Der Mann hatte sein Messer gezogen und schwang es verzweifelt gegen Bourne, während er sich der doppelten Bedrohung durch den Rochen und einen menschlichen Angreifer gegenübersah. Bourne riss dem Taucher das Mundstück heraus und steckte es sich selbst in den Mund. Im nächsten Augenblick ritzte ihm die gezackte Klinge eine lange Wunde in die Brust. Er packte die Tauchmaske des Mannes und riss sie ihm herunter. Der Taucher schlug wild um sich, und Bourne stieß ihm den Haken des Gaffs in den rechten Arm. In einer instinktiven Reaktion ließ der Mann das Messer los, um nach der Wunde am Arm zu greifen.

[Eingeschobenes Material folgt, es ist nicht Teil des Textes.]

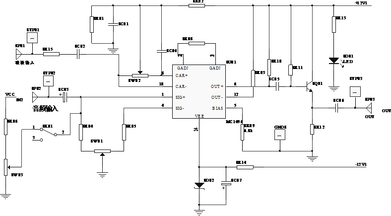 (1)載波輸入端輸入失調(diào)電壓調(diào)節(jié)

Der Widerstand des Tauchers war gebrochen. Bourne packte ihn am Hals und zog ihn in Richtung der Stelle, wo Mala im Boot bereitstand. Er tauchte etwas weiter entfernt auf, als er gedacht hatte, doch Mala hatte das Boot klugerweise zurück ins Trümmerfeld manövriert, um sich verborgen zu halten. Mit einigen kräftigen Armzügen war er beim Boot. Er spuckte das Mundstück aus und sog die würzige Nachtluft ein.

Mala legte die Pistole weg und kniete sich hin, um den Taucher festzuhalten, während Bourne seine Druckluftflasche löste und ins Boot warf.

Mala zog den Mann an Bord, und Bourne hievte sich ebenfalls ins Boot. Jetzt erst sah sie seine Brustwunde, doch er bedeutete ihr mit einer Geste, sich um den Gefangenen zu kümmern.

»Ist nur ein Kratzer.« Er drückte dem Taucher eine Hand auf den Mund und zog ihm den Haken aus dem Arm. Der Schrei des Mannes wurde zu einem tiefen Grunzen gedämpft.

Mala hatte bereits begonnen, die Ausrüstung zu begutachten. »Wahrscheinlich von einer amerikanischen Behörde«, meinte sie. »Ein CIA-Kommando, würde ich schätzen.«

»Nicht unbedingt.« Bourne zog ihm die Neoprenhaube herunter und musterte das ihm unbekannte Gesicht. Der Mann verlor immer wieder für Sekunden das Bewusstsein. Bourne schlug ihm hart ins Gesicht, dann noch einmal, bis der Taucher die Augen öffnete.

Der Mann starrte zu ihm hoch. »Wo zum Teufel kommen Sie her?«, fragte er. Im selben Augenblick zog er eine schmale Klinge aus dem Ärmel seines Neoprenanzugs und stieß sie nach Bournes Kehle.

Bourne konnte nicht mehr ausweichen, doch Mala streckte blitzschnell den Arm aus. Das Narbengewebe auf ihrer Haut war so hart, dass sie den Stoß mit dem Messer, der aufgrund der Position des Tauchers zwar schnell, aber nicht allzu kräftig ausfiel, blockieren konnte. Die Klinge prallte von ihrem Arm ab. Bourne rammte dem Mann die Faust ins Gesicht und brach ihm die Nase. Blut strömte aus der Wunde, und Bourne riss ihm das Messer aus der Hand und warf es beiseite.